• **DATA RECORDS**

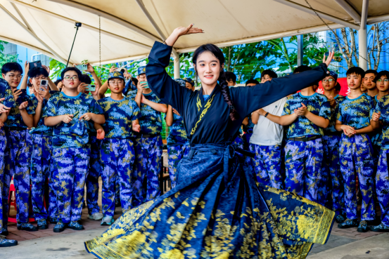 计算机科学与技术学院的维吾尔族新生凯迪日耶·卡依沙尔现场跳起民族舞蹈(摄影贺爱馨)
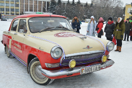 Зефирный экипаж. Дед Мороз приехал в Солигорск на "Волге" и раздавал сладости на площади
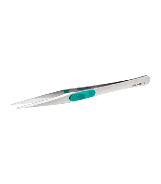 精密工作に適したストレートタイプのナイフエッジ型ピンセットです。先端はフラットタイプを採用長時間の工作作業時の指先への負担を軽減しました。指先の延長感覚の使用感です。
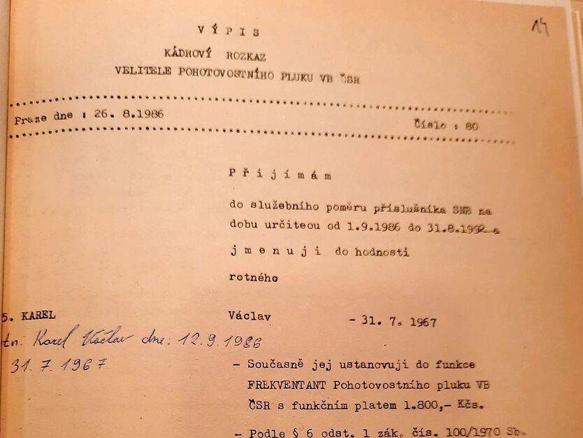 Stejně dobře jako na své kamarády Václav Karel působil i na režimní policii. „Již odmalička jsem měl rád uniformu a věřím, že se v budoucím kolektivu dobře zapojím,“ napsal si do životopisu, jímž v lednu 1986 doprovodil svou přihlášku. Aparátu se líbil. „Jako člen SSM, ROH, ČSTV a SČSP [Socialistický svaz mládeže, Revoluční odborové hnutí, Československý svaz tělesné výchovy, Svaz československo-sovětského přátelství, pozn. red.] se plně angažuje pro politiku KSČ,“ přiznal uchazeči starší referent II. oddělení Kontrolního oddílu Krajské správy SNB v Litoměřicích mjr. Stanislav Suchý. „Po morální stránce se jedná o klidného a upřímného soudruha se smyslem pro povinnost,“ chválil Karla v hodnocení už po prvních měsících služby vedoucí jeho oddílu.
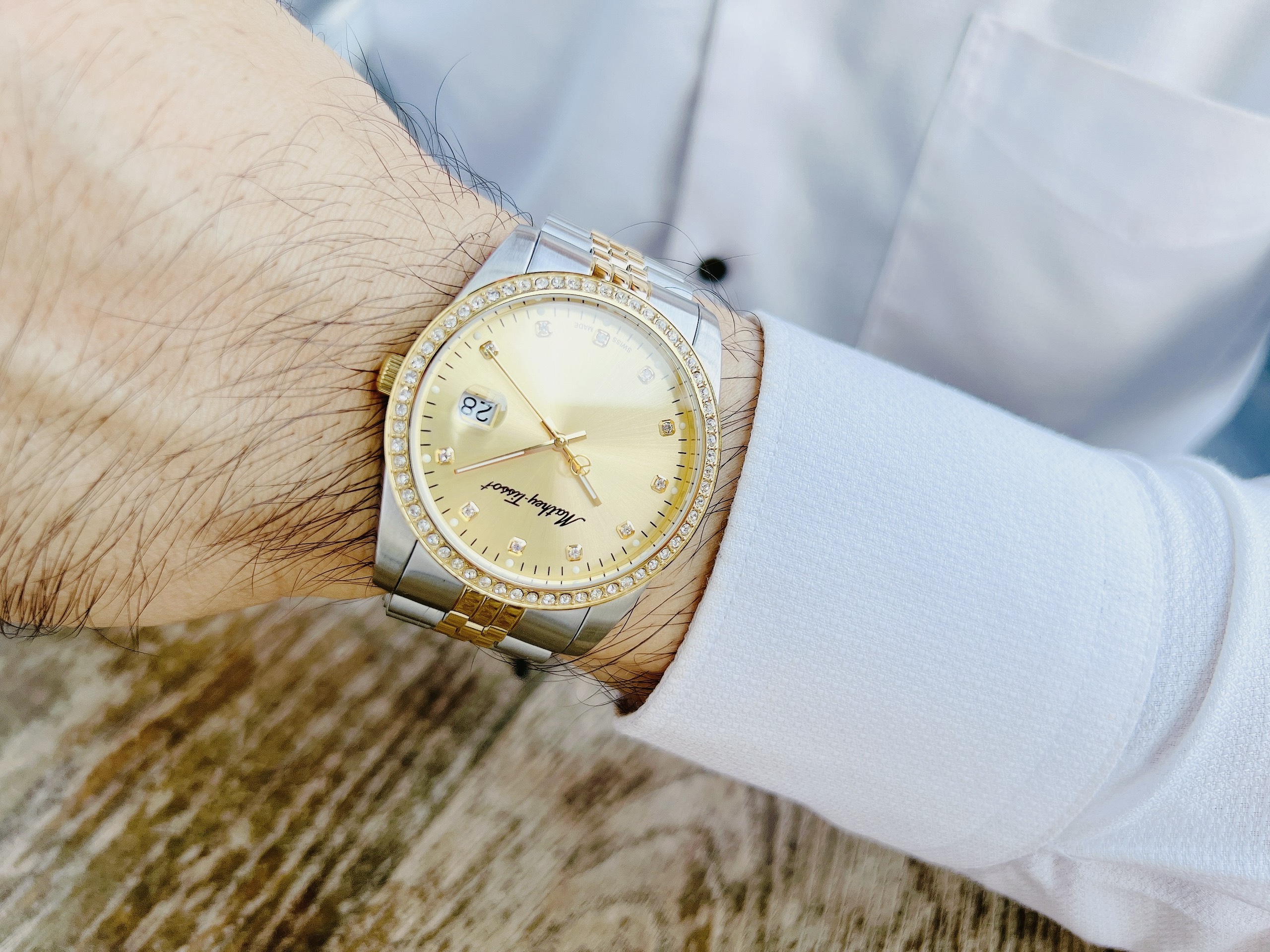 – Mặt đồng hồ kim dạ quang, cọc số đính đá
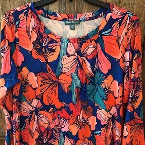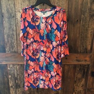 Fleur Bleue M Orange Blue Tiger Lilly Floral Print Relaxed Fit Dress
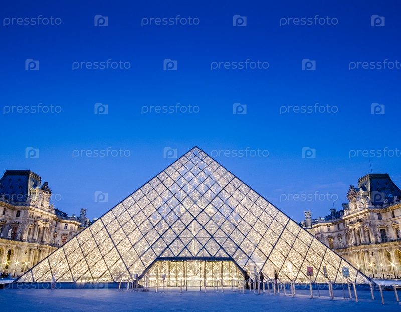 Музей Лувр в Париже на закате 18 августа 2012 года. Ежегодная летняя выставка в Лувре
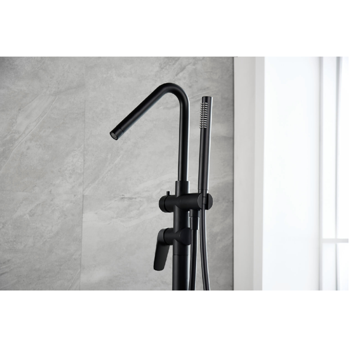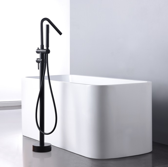 Μπαταρία Μπανιέρας Δαπέδου Oriana Matte Black με σταθερό ύψος στήλης , κατάλληλη για να σας προσφέρει ένα
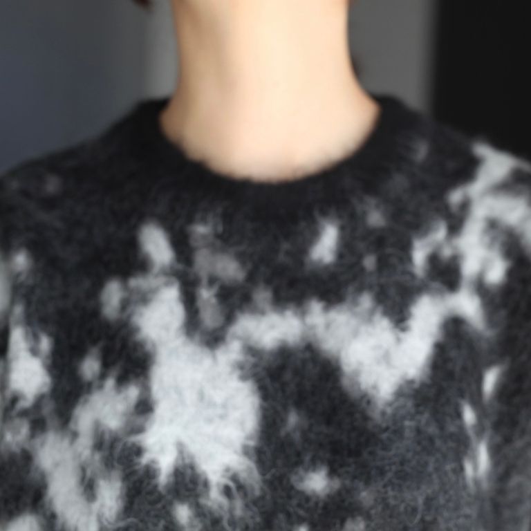 同ブランドで定番的に展開しているジャガードモヘアを使用し製作をおこなった本作。ボリュームのあるゆったりとしたシルエットのクルーネックセーターです。
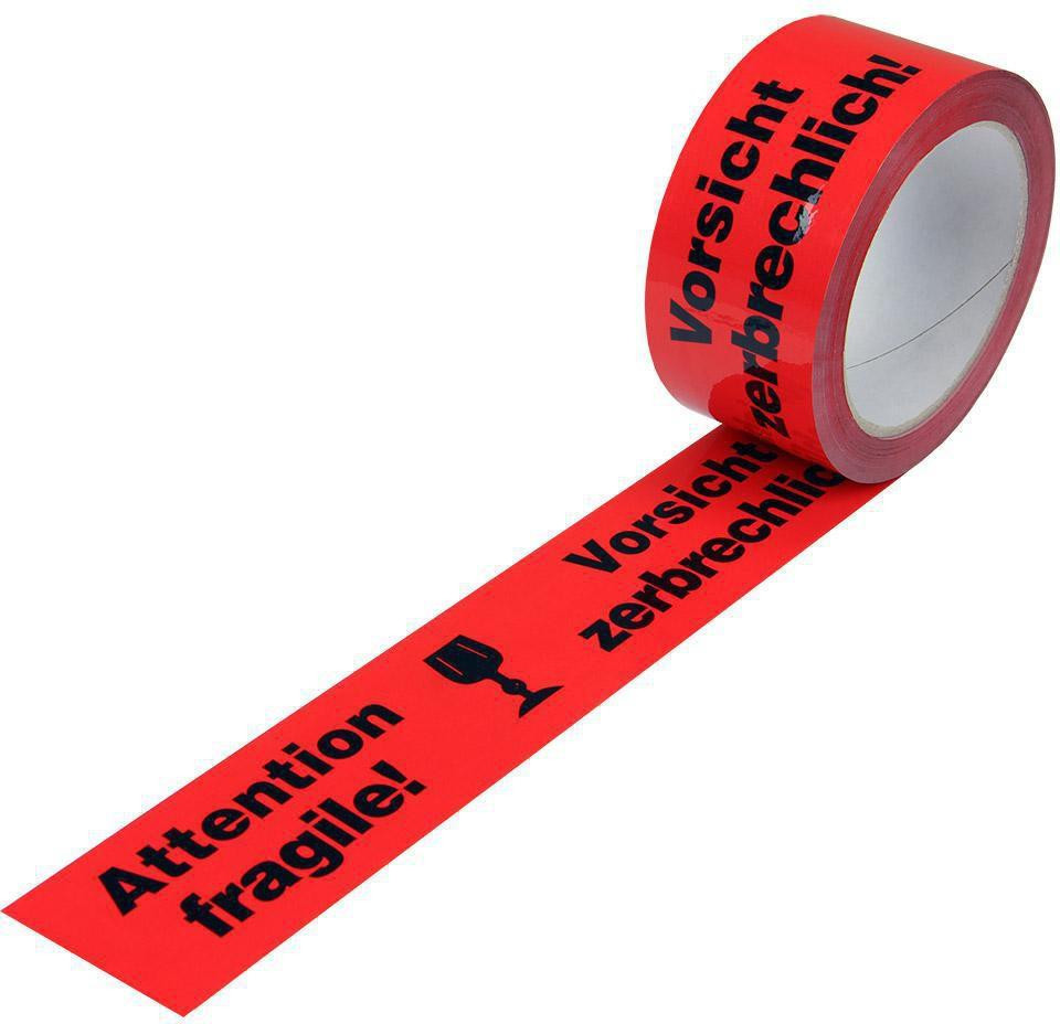 Warnklebeband Breite 50mm L.66m S.52µ PP rot Aufdruck Vorsicht zerbrechlich
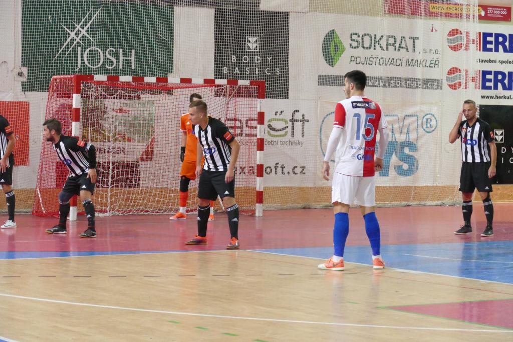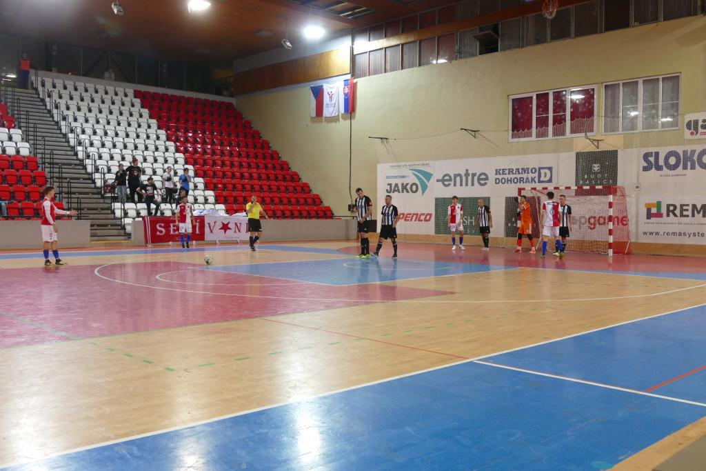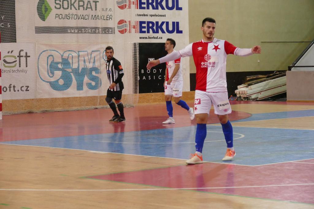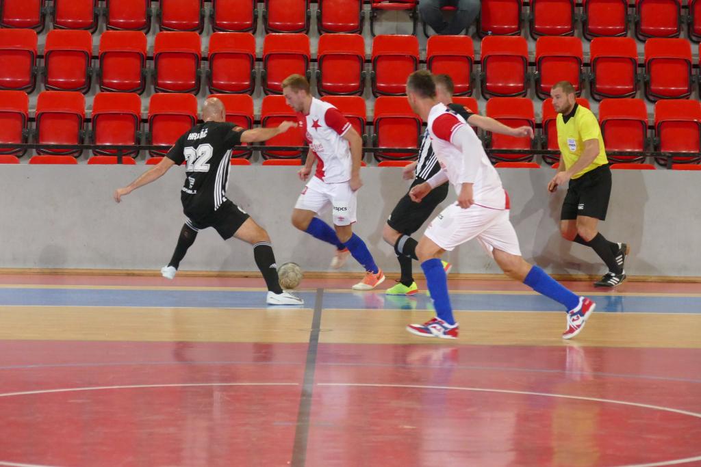 ![]() Fanoušci slávistických futsalistů si na pohárový zápas připravili krásné choreo, ve kterém připomněli poslední ligové utkání, ve kterém sešívaní nastříleli Českým Budějovicích sedmnáct branek. Další rekordní příděl se ale nekonal. Jihočeši odehráli úplně jiný zápas, slávisty dobře dostupovali, poctivě se vraceli do obrany a brankář Beránek podal výborný výkon. Dynamo šlo dokonce do vedení, když jeden z vydařených protiútoků dotáhl ve 13. minutě Petr Benát. Překonal uzdraveného brankáře Jana Žežulku, kterého do minulého utkání nepustil zánět spojivek. Slávisté vývoj utkání do poločasové přestávky otočili. Po Směřičkových přihrávkách se trefili Jan Křemen a Martin Brychta. Po přestávce nastoupil do branky Adam Vondráček, také on inkasoval branku po protiútoku, který zakončil znovu Benát. Pak ale slávisté zpřesnili svoji kombinaci a přidali rozhodující góly. Trefil se David Jošt, znovu Brychta a zblízka se prosadil také Marko Radovanovič, pro kterého se branka zdála přímo zakletá. Jan Křemen nakonec završil hattrick. V poslední minutě ještě zkorigoval závěrečné skóre na 7:3 hostující Jakub Hric. Do utkání nezasáhl Radim Záruba, který plnil reprezentační povinnosti. Komentáře po utkání: Jan Křemen (Slavia): „Hattrick jsem dal trochu se štěstím, ale větší radost bych měl, kdybychom předvedli lepší výkon, bylo to hrozné. Převládá tenhle pocit, v lize takhle nemůžeme hrát. Bylo to takové nezvyklé nastupovat po takové vysoké výhře proti stejnému soupeři. Chtěl bych poděkovat fanouškům za jejich choreo, ale když jsem to skóre 17:0 na něm viděl, bylo mi jasné, že to tentokrát bude jiné. Jejich podpory si moc vážíme!“ Radim Pouzar (České Budějovice): „Věděli jsme, jak kvalitní soupeř nás čeká, to jsme poznali už minulý týden. Musím náš tým pochválit, měli jsme tři hráče z béčka, ale disciplínou i charakterem jsme si ukázali, že můžeme uhrát přijatelný výsledek. 7:3 v dnešních podmínkách je prohra pro nás prohra s velkou ctí. Velký rozdíl oproti předchozímu utkání byl v disciplíně, v pohybu hráčů a zachytávání náběhů soupeře. Pár věcí jsme si vysvětlili, jak bychom chtěli bránit, a to jsme na sto procent splnili.“ SK Slavia Praha – Dynamo PCO České Budějovice 7:3 (2:1) Branky: 16. Křemen (Směřička), 17. Brychta (Směřička), 24. Jošt (Křemen), 25. Křemen (Jošt), 26. Brychta (Radovanovič), 27. Radovanovič (Brychta), 31. Křemen (Jošt) – 13. Benát (Peterek), 21. Benát, 40. Hric Slavia: Žežulka (21. Vondráček) – Brychta, Klíma, Směřička, Jošt, Sláma, Radovanovič, Homola, Hájek, Křemen Dynamo České Budějovice: Beránek – Pouzar, Benát, Peterek, Vejvar, Hric, Hrbáč, Pícha. |

• **PROMPT**
An exact copy of the lines above from the one with "同ブランドで定番的に展開して" up to and including the one with "Warnklebeband Breite 50mm" is required; reproduce only those lines, omitting all pictures.

• **EXERCISE OUTPUT**
 同ブランドで定番的に展開しているジャガードモヘアを使用し製作をおこなった本作。ボリュームのあるゆったりとしたシルエットのクルーネックセーターです。
 Warnklebeband Breite 50mm L.66m S.52µ PP rot Aufdruck Vorsicht zerbrechlich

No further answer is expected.